I fotografi che pubblicano sul magazine della N.G. sono tutti professionisti di alto livello, con abilità tecniche e spiccato senso dell'avventura, dovendo passare lunghi periodi in condizioni a volte anche pericolose. Le storie che questi coraggiosi fotografi hanno vissuto sono spesso inserite all'interno degli articoli sul magazine stesso ad accompagnare le fotografie oppure sono raccolte in libri monografici (a tal proposito vi consiglio "Untold. The stories behind the photographs" di Steve McCurry ed edito da Phaidon).

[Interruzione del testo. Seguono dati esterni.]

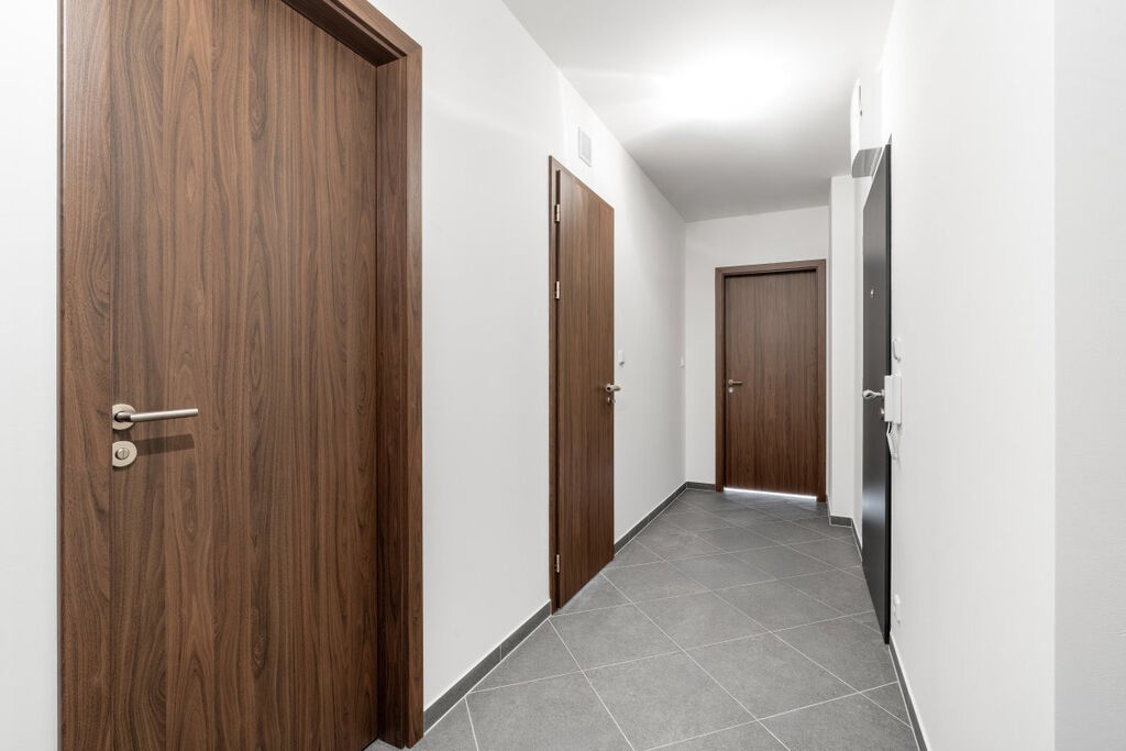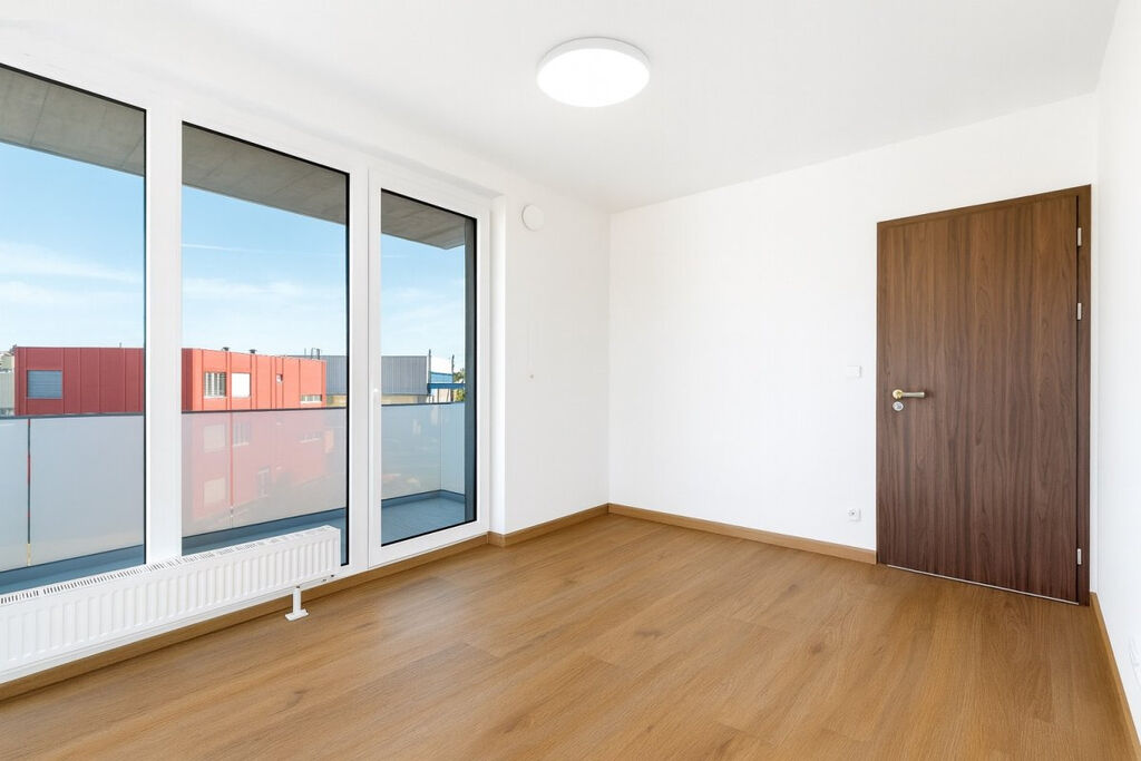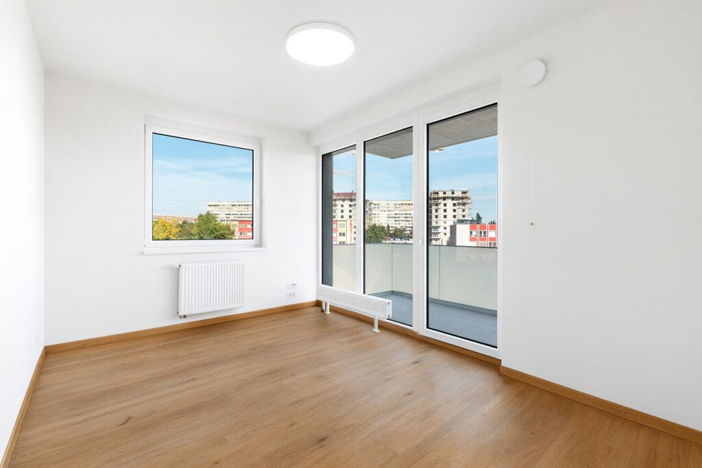Byt se nabízí nevybavený, avšak s kompletně zařízenou kuchyňskou linkou včetně varné desky, trouby, digestoře, myčky a vestavěné pračky se sušičkou. Výhodou je také praktická komora / šatna, která poskytuje dostatek úložného prostoru.
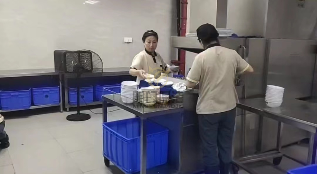 1、洗碗筐从洗碗机中自然推出来后,需先搬运到洗碗台边晾吹10秒钟以上,方可收捡入餐具筐内。

Una delle curiosità più singolari è che alla sua fondazione e nei suoi primi anni, nessuno dei membri della Society era un fotografo.

Ora vorrei invece parlarvi di alcune mostre, organizzate in Italia dalla N.G., e che vi consiglio caldamente:

  • Milano: La Storia del National Geographic (Museo di Storia Naturale) prorogata fino al 6 Marzo
  • Torino: La moda secondo il National Geographic (Palazzo Madama) dal 4 Febbraio
  • Forte di Bard: Wildlife photographer of the year, dal 3 febbraio al 2 giugno

Ovviamente vi consiglio ognuna di queste mostre ma recentemente ho avuto il piacere di andare a quella imbastita a Milano: un escursus di tutta la vita della Society dalla sua fondazione, con stampe delle fotografie più iconiche e anche riproduzione di fotografie direttamente da inizio '900.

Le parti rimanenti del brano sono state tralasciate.